Work task:
Would you transcribe the entries below, beginning at the line with "Столешница Мрамор бергамо" and ending after the line with "Zaobstarajte si celú", exactly, with no picture and nothing more?

── Provided data

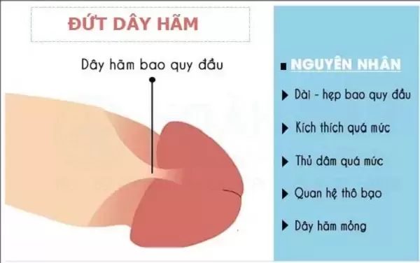 → Thủ dâm quá mạnh, dương vật bị kích thích quá độ mà dây phanh ở bao quy đầu ngắn không đủ để hãm lại sẽ khiến cho dây hãm này bị đứt.
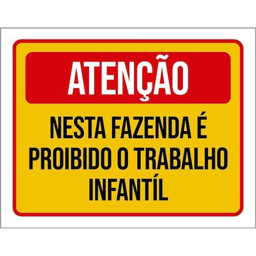 Kit 3 Placas Atenção Nesta Fazenda Trabalho Infantíl Placas de sinalizaço fabricadas com poliestireno de alto impacto PSAI de 2mm e impressão ultravioleta.
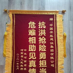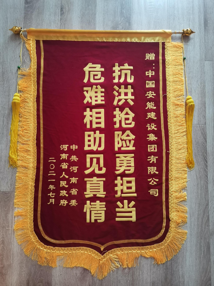 7月29日,河南省委、省政府相关人员深入郑州市郑东新区中国安能救援队员宿营地,将一面绣有“抗洪抢险勇担当 危难相助见真情”的锦旗献给救援勇士们,称赞中国安能集团在这次抗洪抢险中保持了人民子弟兵本色,是一支全心全意为人民服务和能打硬仗的专业队伍,并代表省委、省政府对中国安能抢险救援队表示崇高敬意和衷心感谢。自7月20日首批抢险队员抵达郑州以来,中国安能专业抢险队已在河南奋战近十日。
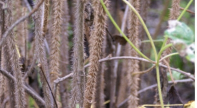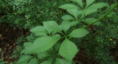 두릅나무과에 분류되는 식물. 원산지는 한국과 중국, 일본 등이며, 우리나라에서는 전국적으로 분포해요. 키는 3~4m이고 밑에서 가지가 많이 갈라지며, 줄기 전체에 가늘고 긴 가시가 많아요. 잎은 어긋나는데 3~5장의 잔 잎이 손바닥 모양으로 배열되며 가장자리에 잔 겹톱니가 있답니다. 8~9월에 자주색의 꽃은 가지 끝에 산형꽃차례를 이루며 핀다. 꽃잎은 5장이며 꽃받침 겉에 털이 있답니다.
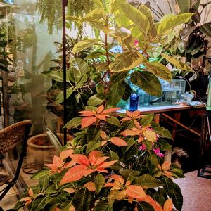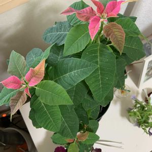 ポインセチア これ以上大きくなりそうにないので、室内に入れました。 去年のダメージから、立ち直れないうちに短日処理を始めたので、頼りない姿になってしまいました😅 クリスマスまでにどうなるか🤭 短日処理の様子はみどりのまとめに😉
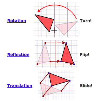 The shape is first flipped over the x-axis, then moved right by 4 units.
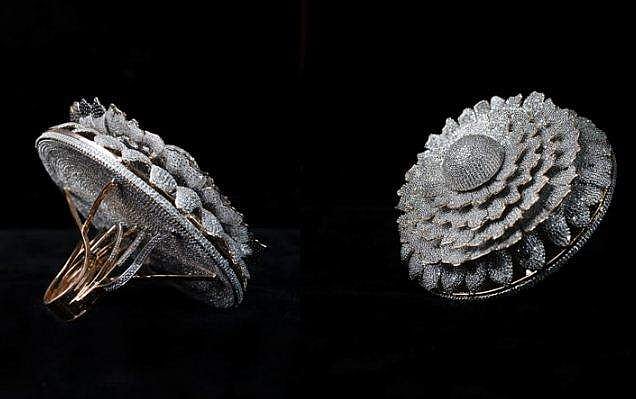 'ദി മാരിഗോള്ഡ്- ഐശ്വര്യത്തിന്റെ മോതിരം' എന്നാണ് ഇതിന് പേരിട്ടിരിക്കുന്നത്. 165 ഗ്രാം മാത്രമാണ് ഇതിന്റെ തൂക്കം. എട്ട് പാളികളിലായാണ് പൂവിന്റെ ആകൃതിയില് മോതിരം ഡിസൈന് ചെയ്തത്. ഇതിലെല്ലാം നിറയെ കുഞ്ഞു കുഞ്ഞു വജ്രങ്ങളാണ് നിറച്ചിരിക്കുന്നത്.
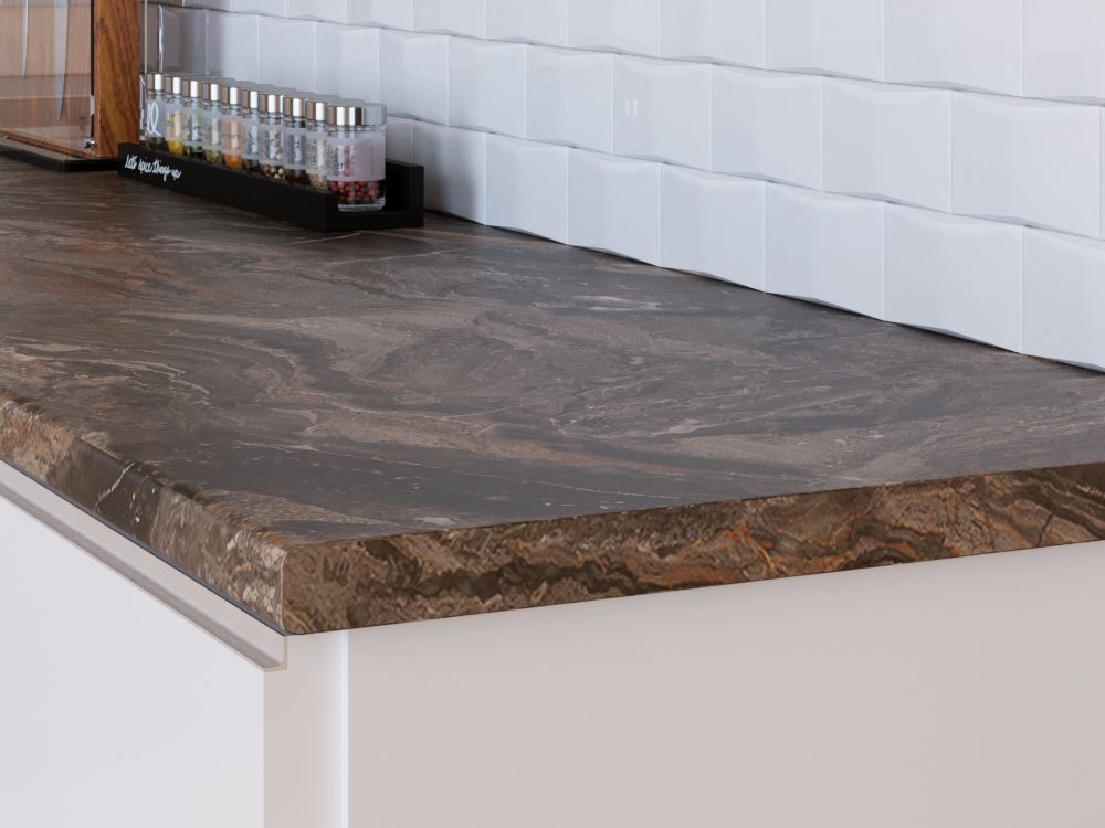 Столешница Мрамор бергамо темный является общепризнанным классическим решением. Цвет и материалы столешницы подбираются так, чтобы они были гаромничны дизайну кухонного гарнитура. Имеет высокую термостойкость к горячим предметам.
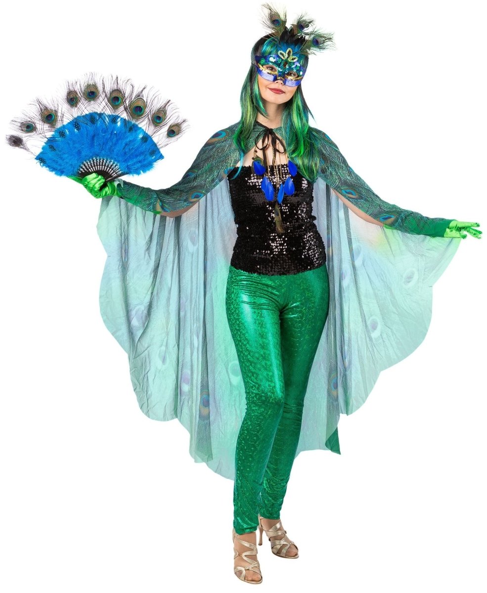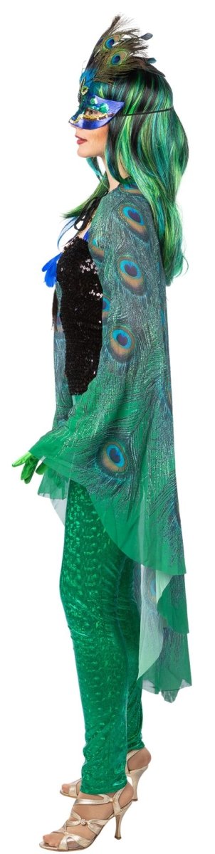 Spraw, aby Twój strój był spektakularny dzięki tej kolorowej pelerynie w pawie. Idealna na imprezy tematyczne, karnawałowe, kostiumowe lub kostiumy fantasy.
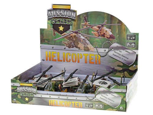 Zaobstarajte si celú armádu a vyrazte do bitky. Vojenská kovová helikoptéra z kolekcie Mission Control má veľkosť 20 cm. Helikoptéra je na spätný chod, svieti a vydáva zvuk. Dostupné sú 2 farby - hnedá, zelená. Vhodné pre deti od 3 rokov.
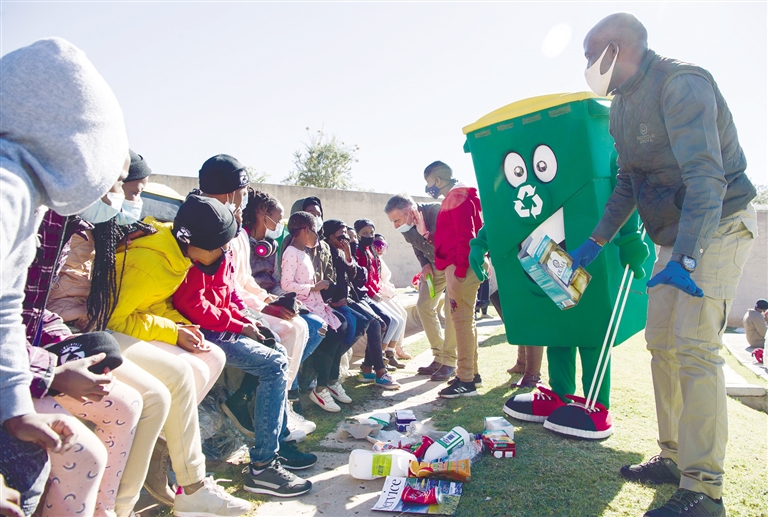 6月5日,老师在南非比勒陀利亚给学生讲解垃圾分类知识。当日,数百人在南非比勒陀利亚的公园和社区内参加今年世界环境日的相关活动,通过捡拾垃圾来保护环境,并通过环保教育和废物回收知识讲解等让小学生们了解更多环保知识。联合国于1972年确定6月5日为世界环境日。今年世界环境日的主题为“生态系统恢复”。
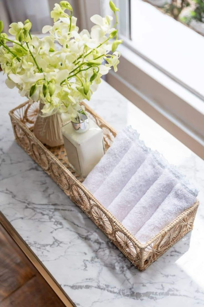 Invest in a soft, hotel-quality set (nothing scratchy!) and either fold them neatly on a rack or roll them into a basket for easy access.
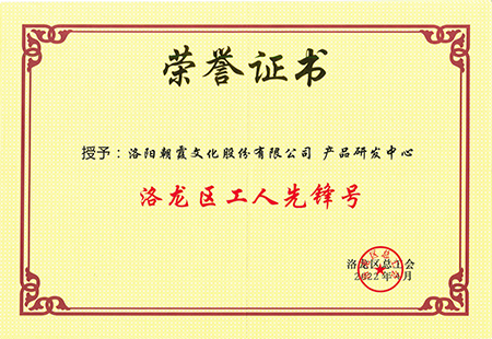 本次表彰大會(huì)上,洛陽朝霞文化股份有限公司產(chǎn)品研發(fā)中心被授予“洛龍區(qū)工人先鋒號(hào)” 榮譽(yù)稱號(hào),董事長(zhǎng)張振民同志被授予“2022年度洛龍區(qū)五一勞動(dòng)獎(jiǎng)?wù)隆薄?/span>
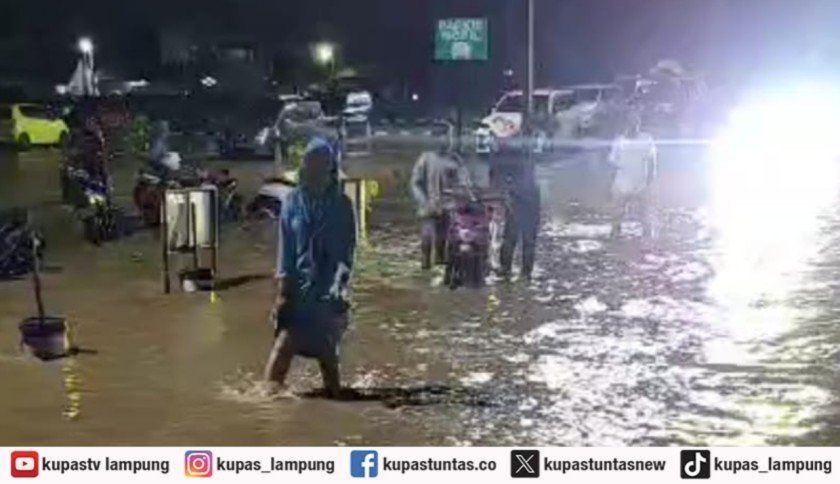 Banjir di parkiran RS. Urip Sumoharjo, akibat hujan deras yang terjadi sejak Sabtu (24/2/2024) sore. Foto: kupastuntas.co
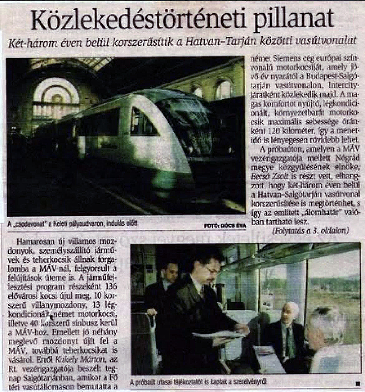 2., 2002 március 28-án több tucatnyi salgótarjáni polgár utazott velem együtt Budapestre a Keleti pályaudvarra, ahonnan reggel 8 órakor elindulhattunk azzal a motorkocsival Salgótarjànba, amely az akkori tervek szerint az InterCity összeköttetést teremtette volna meg a 2 város között.
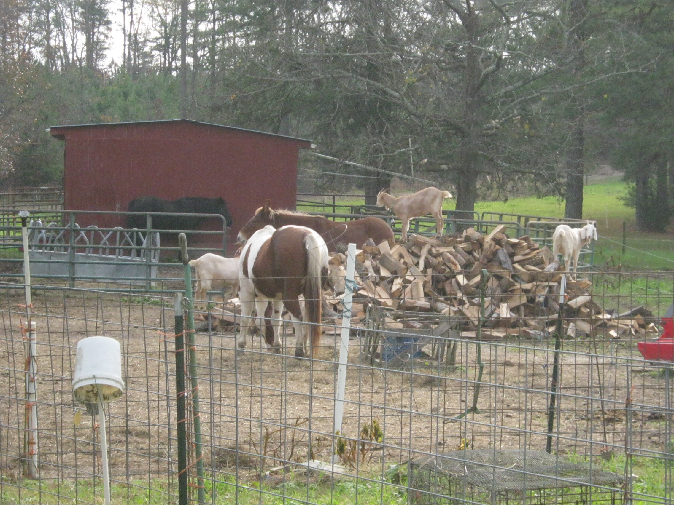 Below is a shot from Sunday morning. I grabbed the camera because when I came out of the house Dixie and Corona were rubbing noses….but by the time I got the camera out and turned on they had stopped. Dixie is the sorrel Mule…Corona is the tan goat on top of the wood pile. I had to sneak behind the car to even get a chance at a shot because if Dixie had seen me she would have come to the fence looking for a handout….the goats love to hang out with the horses and I think they feel safe with them…Condi is the most temperamental of my equines and she is the boss mare….but it is not uncommon to find four or five goats laying around her in her stall…just not at feeding time…

────

Output of the task:
 Столешница Мрамор бергамо темный является общепризнанным классическим решением. Цвет и материалы столешницы подбираются так, чтобы они были гаромничны дизайну кухонного гарнитура. Имеет высокую термостойкость к горячим предметам.
 Spraw, aby Twój strój był spektakularny dzięki tej kolorowej pelerynie w pawie. Idealna na imprezy tematyczne, karnawałowe, kostiumowe lub kostiumy fantasy.
 Zaobstarajte si celú armádu a vyrazte do bitky. Vojenská kovová helikoptéra z kolekcie Mission Control má veľkosť 20 cm. Helikoptéra je na spätný chod, svieti a vydáva zvuk. Dostupné sú 2 farby - hnedá, zelená. Vhodné pre deti od 3 rokov.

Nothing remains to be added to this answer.